= Wenbera =

District in Benishangul-Gumuz Region, Ethiopia

Wenbera is one of the 20 woredas in the Benishangul-Gumuz Region of Ethiopia. Part of the Metekel Zone, it is bordered on the south and west by the Kamashi Zone, on the north by the Beles River which separates it from Guba and Dangur, and by Bulen on the east; the Abay River defines the boundary between Wenbera and the Kamashi Zone.

Towns in Wenbera include Debre Zeyit. The highest point in this woreda is Mount Culan Sancai (2,435 meters), west of Debre Zeyit; other elevations include the Borema range, the Gum Gum mountains and the Sassie mountains in the northwest corner of the woreda.
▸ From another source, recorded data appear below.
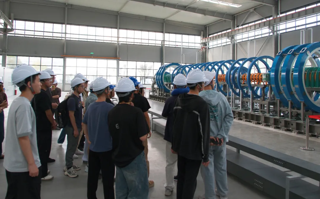 最令人期待的环节当属装置参观。在工作人员的引导下,同学们前往了装置研发区域,近距离接触瀚海聚能一代直线型场反位形(FRC)聚变装置—HHMAX-901。当照片、电视上的“核聚变装置”以实体形态映入眼帘时,现场响起阵阵惊叹。同学们围绕装置,近距离观察、提问,与工程师进行深入交流,亲身感受科技发展带来的震撼。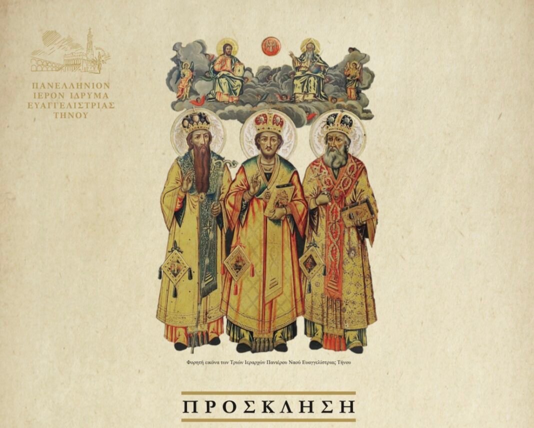 Αγαπητοί/ες μαθητές/τριες, εκπαιδευτικοί και γονείς, σας προσκαλούμε το Σάββατο 31 ανουαρίου 2026 και ώρα 11:30 π.μ. στον Πανίερο Ναό της Μεγαλόχαρης Τήνου για να τιμήσουμε τους Τρεις Iεράρχες, προστάτες της παιδείας.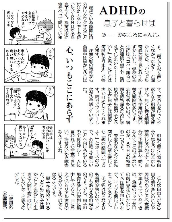 ★金曜エッセーは、漫画家・かなしろにゃんこ。さんの「ADHDの息子と暮らせば」。2回目は「心、いつもここにあらず」です。(紙面を見る、1月12日付)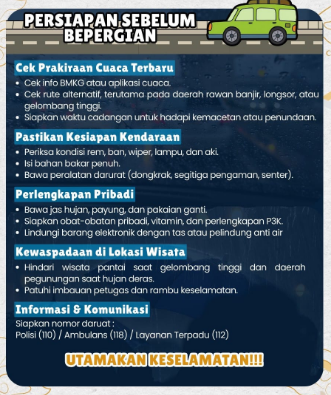 ‎Masyarakat diimbau tetap waspada dan berhati-hati saat bepergian darat, laut, dan udara, serta dalam merencanakan aktivitas luar ruangan. Informasi cuaca terkini dapat dipantau melalui berbagai platform resmi BMKG, seperti Instagram @infobmkg, website www.bmkg.go.id, dan aplikasi InfoBMKG, agar perayaan Nataru tetap aman dan nyaman.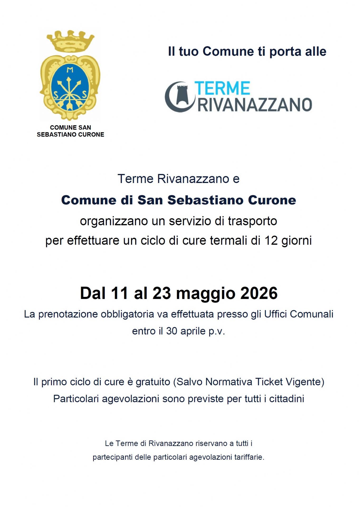 Il Comune di San Sebastiano Curone in collaborazione con Terme di Rivanazzano organizzano come ogni anno un servizio di trasporto per effettuare un ciclo di cure termali di 12 giorni.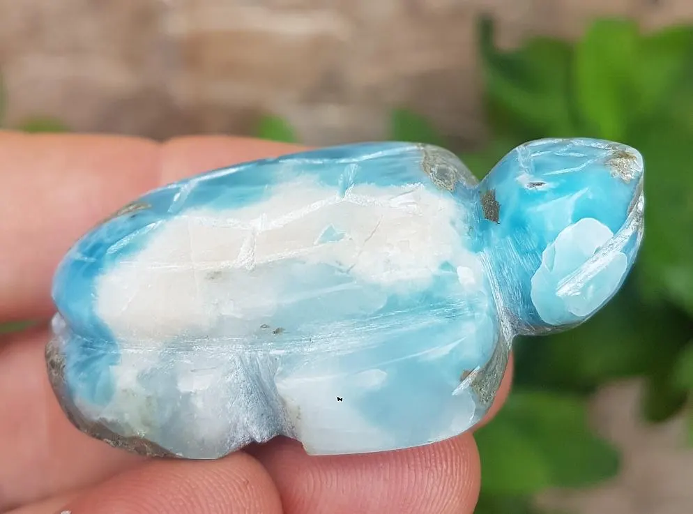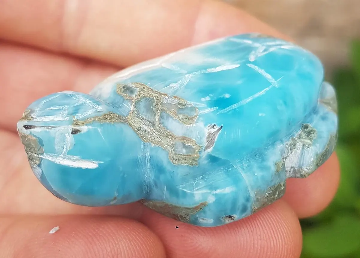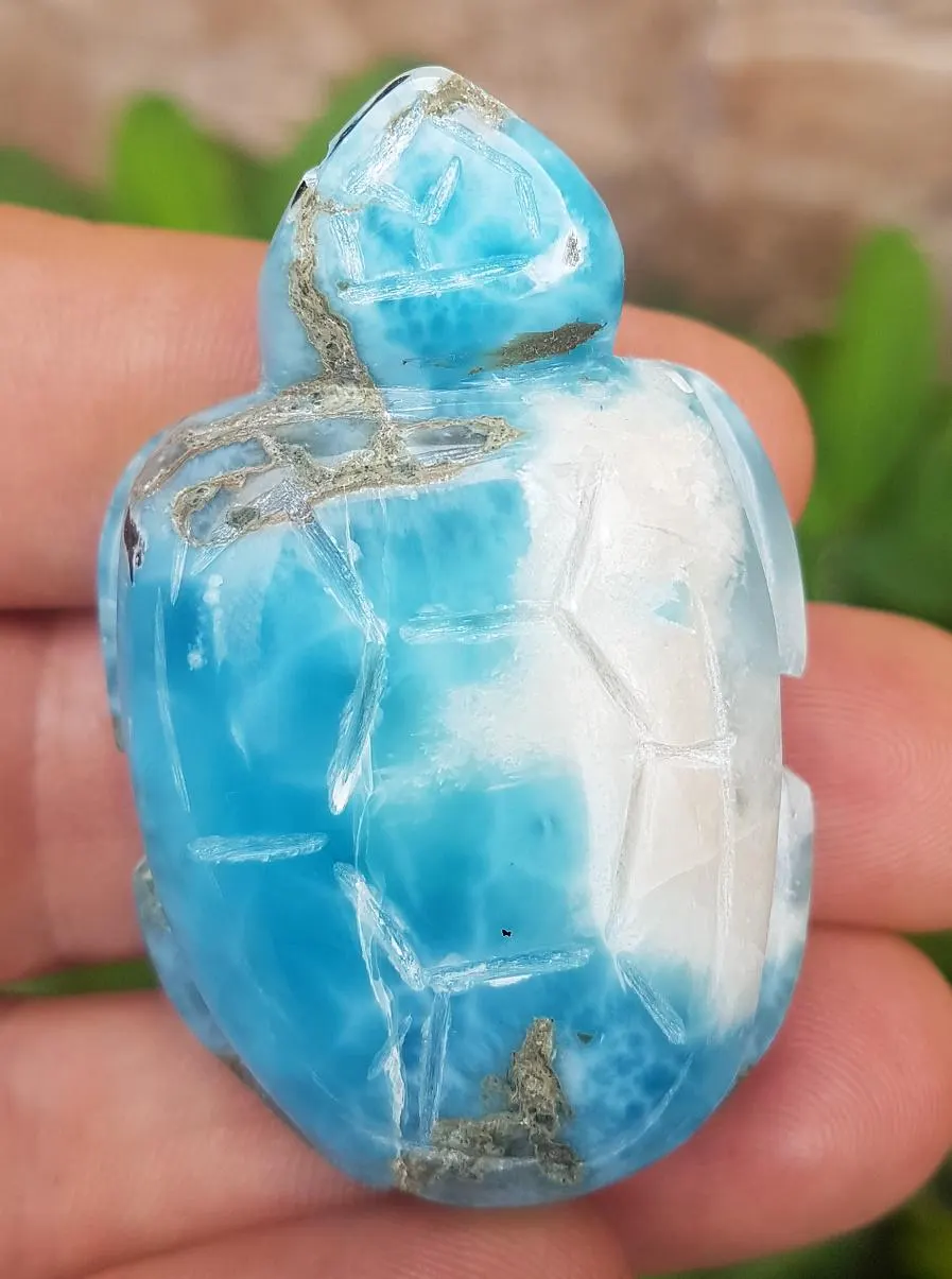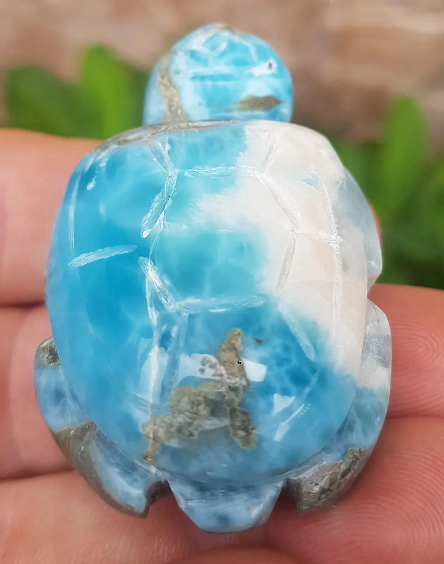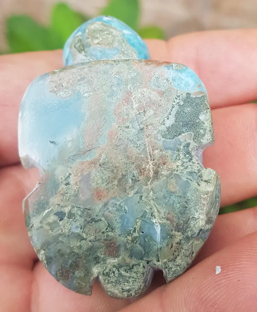 - Blue LARIMAR handcarved Gemstone TURTLE for decoration 68 grams (cj-21)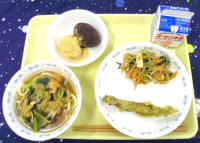 12日(金)・八宝麺・黄花湯(ホワンホワタン)・開口笑(カイコウショウ)・牛乳1...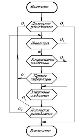 1.3. Фаза «Логическое разъединение» является одновременно исходной и конечной фазой процедур управления звеном ПД. В фазе «Логическое разъединение» станция должна находиться непосредственно после ее включения и перед ее выключением. Последнее, в частности, отражает обход O1 (см. черт. 2).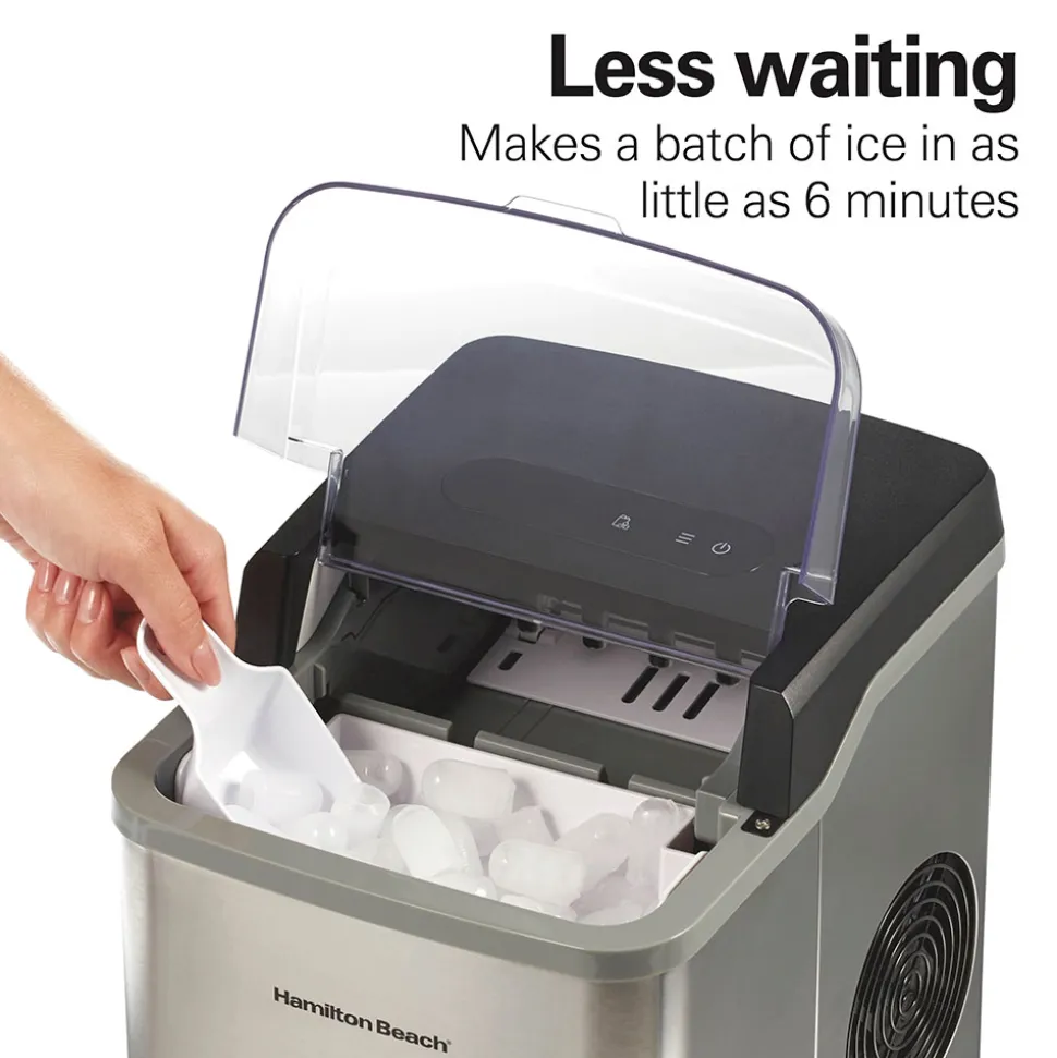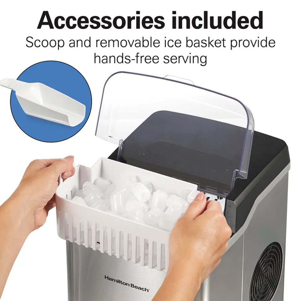 Includes intuitive controls for simple one-touch operation, convenient clean cycle, scoop and removable ice basket. Built for long-lasting performance and backed by a 1 year limited warranty from Hamilton Beach.

Rivers include the Naga, a south-flowing tributary of the Abay.

==Demographics==
The 2007 national census reported a total population for this woreda of 60,000, of whom 29,196 were men and 30,804 were women; 5,476 or 9.13% of its population were urban dwellers. The majority of the inhabitants said they practiced Ethiopian Orthodox Christianity, with 70.77% of the population reporting they observed this belief, while 16.84% of the population were Moslem, 7.88% practiced traditional beliefs, and 4.02% were Protestant.

Based on figures from the Central Statistical Agency in 2005, this woreda has an estimated total population of 56,260, of whom 27,409 are men and 28,851 are women; 4,179 or 7.43% of the population are urban dwellers which are greater than the Zone average of 10.7%. With an estimated area of 7,134.53 square kilometers, Wenbera has a population density of 7.9 people per square kilometer which is lower than the Zone average of 8.57.

The 1994 national census reported a total population for this woreda of 41,686 in 8,050 households, of whom 20,411 were men and 21,275 were women; 2,429 or 5.83% of its population were urban. The five largest ethnic groups reported in Wenbera were the Shinasha (33.6%), the Oromo (33.4%), the Gumuz (27%), the Amhara (3.7%), and the Awi (1%) a subgroup of the Agaw; all other ethnic groups made up 1.3% of the population. Oromo is spoken as a first language by 40%, Gumuz by 27%, Boro by 5.1%, Amhara by 3.8%, and 0.7% spoke Berta; the remaining 23.4% spoke all other primary languages reported. The majority of the inhabitants practiced Ethiopian Orthodox Christianity, with 71% of the population reporting they held that belief, while 15.4% were Muslim, and 11% observed traditional religions. Concerning education, 17.31% of the population were considered literate, which is less than the Zone average of 18.61%; 7.96% of children aged 7–12 were in primary school; 2.02% of the children aged 13–14 were in junior secondary school; and 2.79% of the inhabitants aged 15–18 were in senior secondary school. Concerning sanitary conditions, 8.7% of the urban houses and 4.3% of all houses had access to safe drinking water at the time of the census, while 39.3% of the urban and 6.3% of all houses had toilet facilities.